**PROBLEM STATEMENT**
Starting at the line that has "요약 에보니알과 마녀의 비약으로 만든 약." and stopping after the line that has "Набор кухонных полотенец", reproduce the listing below exactly; omit everything else.

**DATASET CONTENT**
******************************
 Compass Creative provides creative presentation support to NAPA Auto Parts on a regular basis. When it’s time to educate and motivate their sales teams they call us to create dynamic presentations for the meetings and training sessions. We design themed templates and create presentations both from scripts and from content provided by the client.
******************************
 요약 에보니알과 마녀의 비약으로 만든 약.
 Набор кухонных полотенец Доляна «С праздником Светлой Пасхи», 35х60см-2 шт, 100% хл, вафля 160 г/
******************************
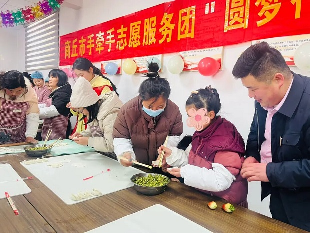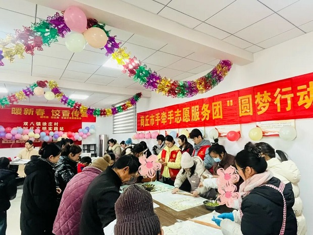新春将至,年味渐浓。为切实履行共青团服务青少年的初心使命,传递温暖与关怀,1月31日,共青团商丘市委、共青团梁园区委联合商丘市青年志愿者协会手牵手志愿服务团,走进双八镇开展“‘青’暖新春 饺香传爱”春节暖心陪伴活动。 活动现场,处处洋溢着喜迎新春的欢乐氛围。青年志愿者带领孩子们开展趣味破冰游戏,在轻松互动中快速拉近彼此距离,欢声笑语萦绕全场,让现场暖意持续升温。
******************************
**SOLUTION BELOW**
 요약 에보니알과 마녀의 비약으로 만든 약.
 Набор кухонных полотенец Доляна «С праздником Светлой Пасхи», 35х60см-2 шт, 100% хл, вафля 160 г/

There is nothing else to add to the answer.